__Task material__.
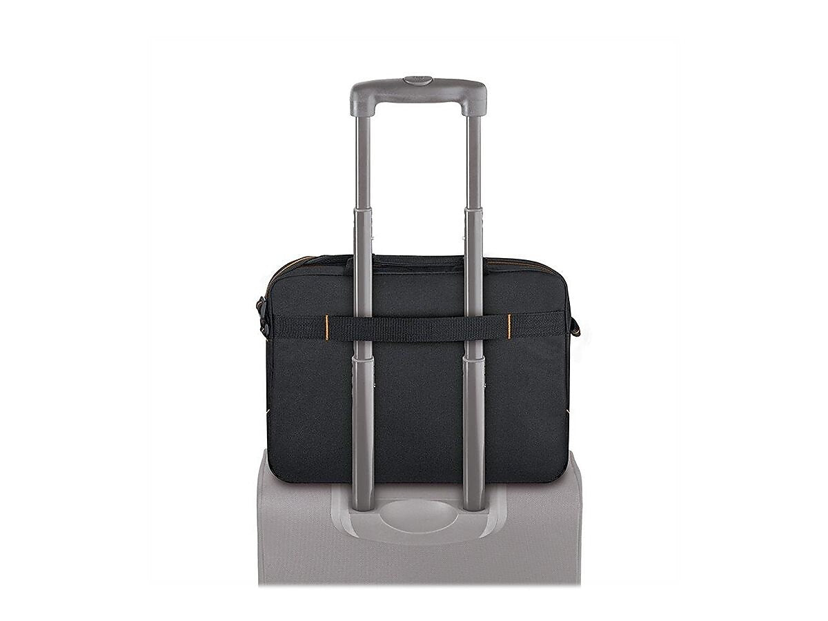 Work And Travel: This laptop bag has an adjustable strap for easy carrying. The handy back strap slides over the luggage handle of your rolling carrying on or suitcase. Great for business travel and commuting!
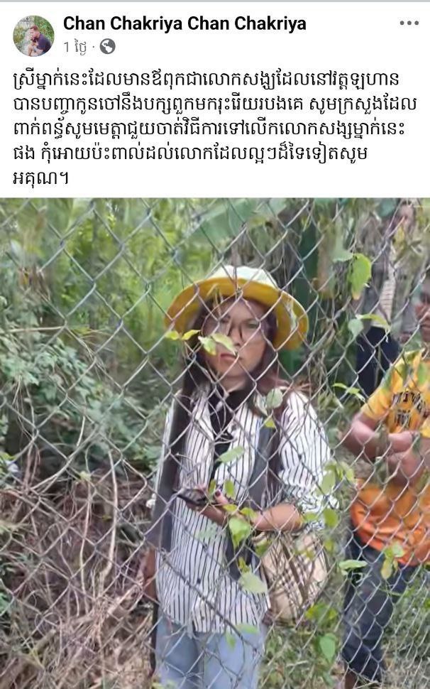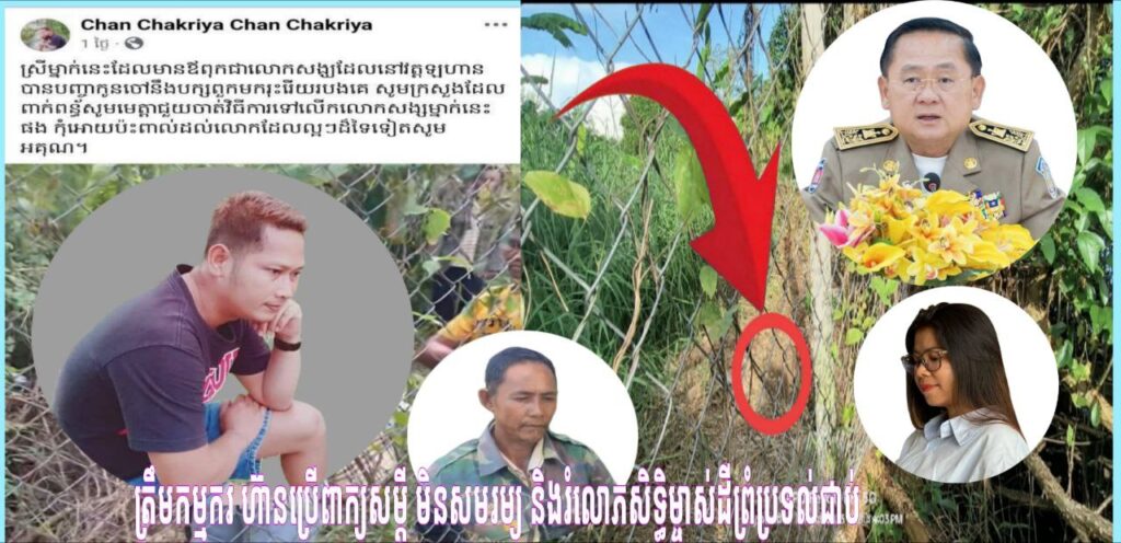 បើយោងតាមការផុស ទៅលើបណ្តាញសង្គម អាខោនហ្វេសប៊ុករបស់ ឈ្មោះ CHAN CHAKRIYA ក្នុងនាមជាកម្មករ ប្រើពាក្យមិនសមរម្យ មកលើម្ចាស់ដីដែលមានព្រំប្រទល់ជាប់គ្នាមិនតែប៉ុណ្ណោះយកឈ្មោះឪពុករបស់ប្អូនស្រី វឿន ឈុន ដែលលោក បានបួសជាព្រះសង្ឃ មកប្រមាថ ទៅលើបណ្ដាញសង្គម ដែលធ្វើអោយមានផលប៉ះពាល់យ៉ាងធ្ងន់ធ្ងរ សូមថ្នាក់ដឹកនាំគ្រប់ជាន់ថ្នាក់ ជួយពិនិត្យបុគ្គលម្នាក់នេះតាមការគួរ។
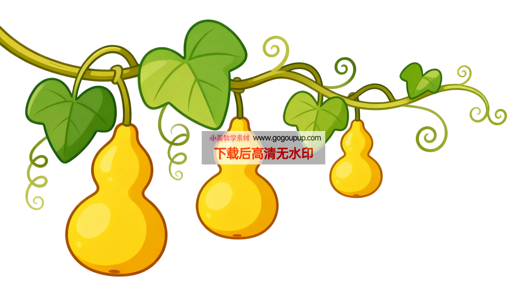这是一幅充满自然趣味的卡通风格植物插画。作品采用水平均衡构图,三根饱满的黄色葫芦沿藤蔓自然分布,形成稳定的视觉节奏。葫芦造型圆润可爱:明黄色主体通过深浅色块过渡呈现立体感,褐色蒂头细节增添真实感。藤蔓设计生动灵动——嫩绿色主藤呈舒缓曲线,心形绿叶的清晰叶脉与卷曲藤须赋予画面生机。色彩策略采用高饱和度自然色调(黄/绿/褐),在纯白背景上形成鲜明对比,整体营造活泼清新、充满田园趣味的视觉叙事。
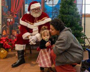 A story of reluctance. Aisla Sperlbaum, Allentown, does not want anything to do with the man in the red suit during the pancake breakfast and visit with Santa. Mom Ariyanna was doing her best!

* * *

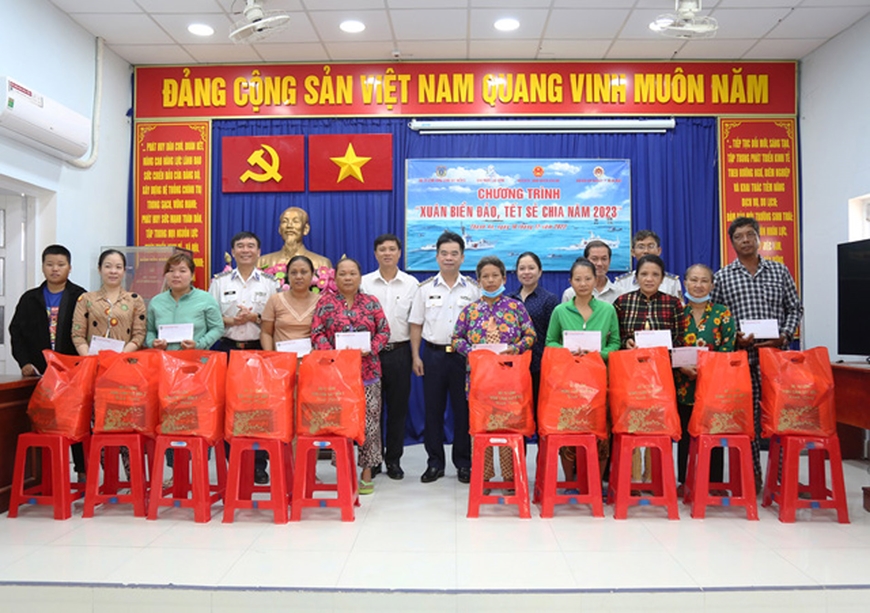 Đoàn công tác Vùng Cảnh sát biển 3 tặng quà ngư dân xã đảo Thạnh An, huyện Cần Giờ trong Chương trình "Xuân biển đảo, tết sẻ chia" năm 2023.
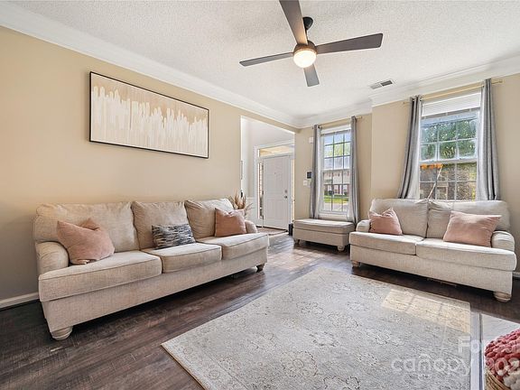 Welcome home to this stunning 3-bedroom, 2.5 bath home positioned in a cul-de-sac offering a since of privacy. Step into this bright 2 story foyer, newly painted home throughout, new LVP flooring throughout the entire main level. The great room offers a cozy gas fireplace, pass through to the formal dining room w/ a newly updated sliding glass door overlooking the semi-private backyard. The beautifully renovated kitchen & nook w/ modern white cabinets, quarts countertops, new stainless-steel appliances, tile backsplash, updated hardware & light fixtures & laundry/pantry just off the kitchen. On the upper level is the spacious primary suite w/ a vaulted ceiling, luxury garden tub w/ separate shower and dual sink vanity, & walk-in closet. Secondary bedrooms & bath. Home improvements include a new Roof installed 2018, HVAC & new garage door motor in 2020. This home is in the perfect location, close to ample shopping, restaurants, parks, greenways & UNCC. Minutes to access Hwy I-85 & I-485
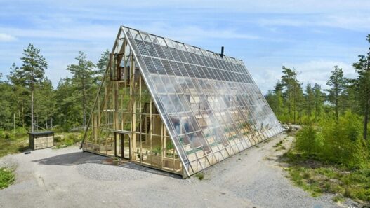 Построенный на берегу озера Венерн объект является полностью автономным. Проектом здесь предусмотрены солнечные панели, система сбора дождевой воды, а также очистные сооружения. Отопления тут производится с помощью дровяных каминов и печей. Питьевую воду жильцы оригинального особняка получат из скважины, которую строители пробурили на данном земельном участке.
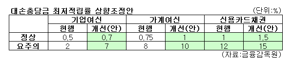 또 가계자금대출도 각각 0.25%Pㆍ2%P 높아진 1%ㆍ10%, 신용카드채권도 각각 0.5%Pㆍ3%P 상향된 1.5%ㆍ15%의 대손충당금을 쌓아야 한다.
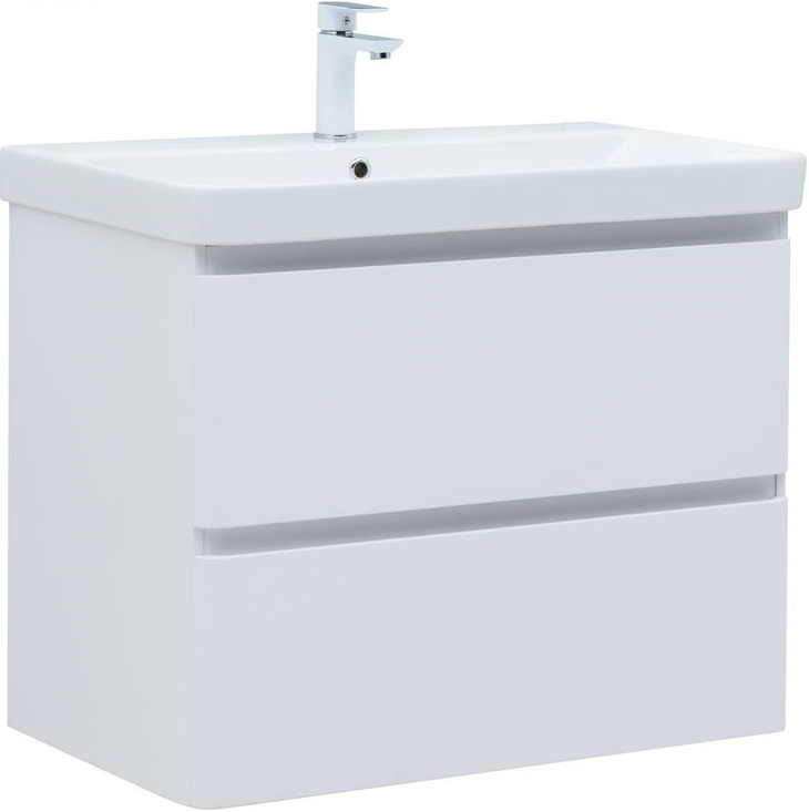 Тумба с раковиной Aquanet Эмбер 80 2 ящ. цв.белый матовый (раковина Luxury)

--

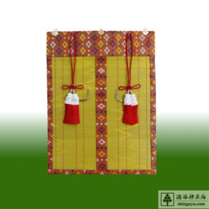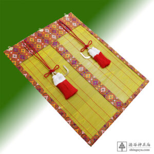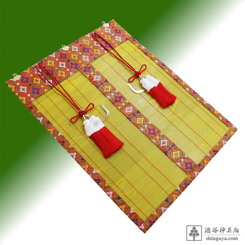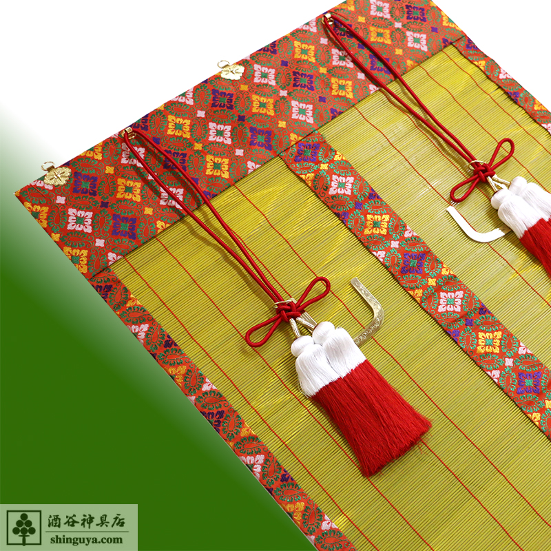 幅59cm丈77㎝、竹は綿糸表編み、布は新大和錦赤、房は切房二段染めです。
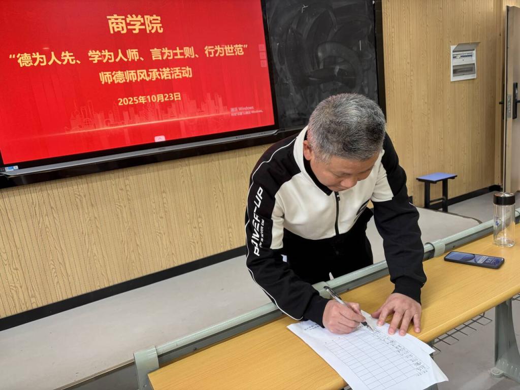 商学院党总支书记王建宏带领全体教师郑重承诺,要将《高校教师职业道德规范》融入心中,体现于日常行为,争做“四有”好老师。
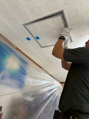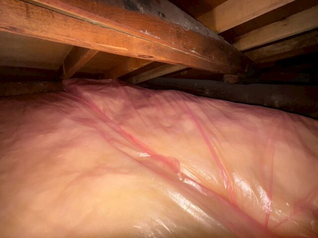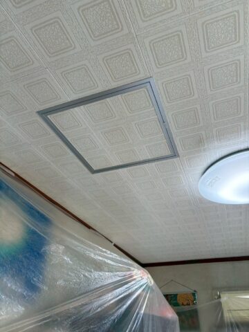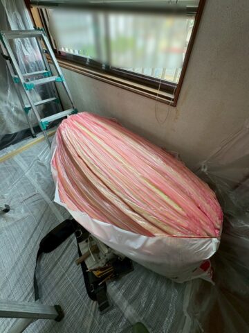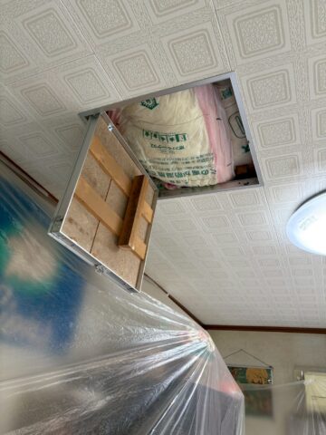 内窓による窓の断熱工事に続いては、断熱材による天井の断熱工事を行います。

__Required work__.
"Построенный на берегу" marks the first line to copy, and "Тумба с раковиной" marks the last. Repeat that stretch above exactly, with no pictures.

__Worked solution__.
 Построенный на берегу озера Венерн объект является полностью автономным. Проектом здесь предусмотрены солнечные панели, система сбора дождевой воды, а также очистные сооружения. Отопления тут производится с помощью дровяных каминов и печей. Питьевую воду жильцы оригинального особняка получат из скважины, которую строители пробурили на данном земельном участке.
 또 가계자금대출도 각각 0.25%Pㆍ2%P 높아진 1%ㆍ10%, 신용카드채권도 각각 0.5%Pㆍ3%P 상향된 1.5%ㆍ15%의 대손충당금을 쌓아야 한다.
 Тумба с раковиной Aquanet Эмбер 80 2 ящ. цв.белый матовый (раковина Luxury)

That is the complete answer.